SECTION 10. Section 16(b)
The provisions of the Plan are intended to ensure that no transaction under the Plan is subject to (and not exempt from) the short-swing recovery rules of Section 16(b) of the Exchange Act ("Section 16(b)"). Accordingly, the composition of the Committee shall be subject to such limitations as the Board deems appropriate to permit transactions pursuant to the Plan to be exempt (pursuant to Rule 16b-3 promulgated under the Exchange Act) from Section 16(b), and no delegation of authority by the Committee shall be permitted if such delegation would cause any such transaction to be subject to (and not exempt from) Section 16(b).

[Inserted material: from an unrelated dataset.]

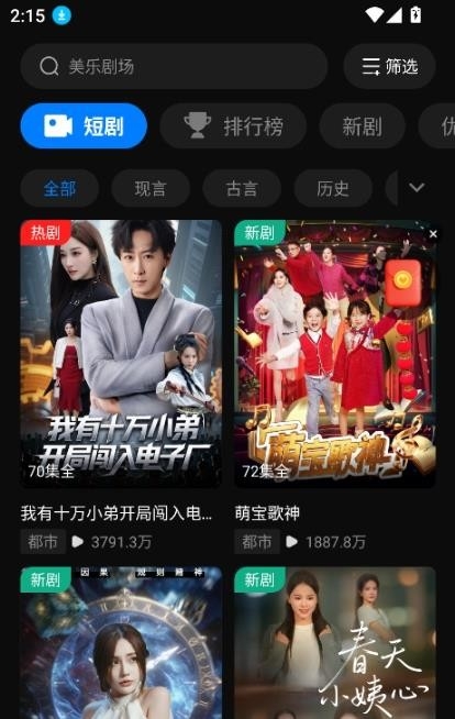 美乐剧场app是一款非常好用的短剧播放软件,这款软件拥有丰富的短剧资源,总裁豪门、重生复仇、古风权谋、温情年代等各种风格类型的短剧资源应有尽有,满足用户多样化的短剧观看需求。在这里用户可以直接滑动屏幕选择你喜欢的短剧内容,也可以将它收藏起来方便后续观看,感兴趣的朋友们快来下载体验吧。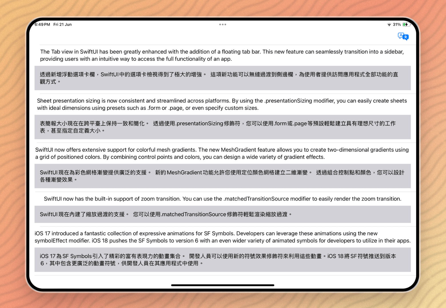 | Beginning iOS Programming with Swift for SwiftUI & UIKit | Two ebooks in PDF, ePub, mobi & HTML format + Project Source Code This is our flagship book that teaches you how to build a real world app from scratch using Swift, SwiftUI, and UIKit. It is a good companion book if you want to dive deeper into iOS app development. |

SECTION 11. Section 409A of the Code
(a) It is the intention of the Company that no Award shall be "deferred compensation" subject to Section 409A of the Code, unless and to the extent that the Committee specifically determines otherwise as provided below, and the Plan and the terms and conditions of all Awards shall be interpreted accordingly.
(b) The terms and conditions governing any Awards that the Committee determines will be subject to Section 409A of the Code, including any rules for elective or mandatory deferral of the delivery of cash or shares of Common Stock pursuant thereto and any rules regarding treatment of such Awards in the event of a Change in Control, shall be set forth in the applicable Award Agreement, and shall comply in all respects with Section 409A of the Code.
SECTION 12. Term, Amendment and Termination
(a) Effectiveness. The Plan shall be effective as of the date (the "Effective Date") it is adopted by the Board.
(b) Termination. The Plan will terminate on the tenth anniversary of the Effective Date. Awards outstanding as of such date shall not be affected or impaired by the termination of the Plan.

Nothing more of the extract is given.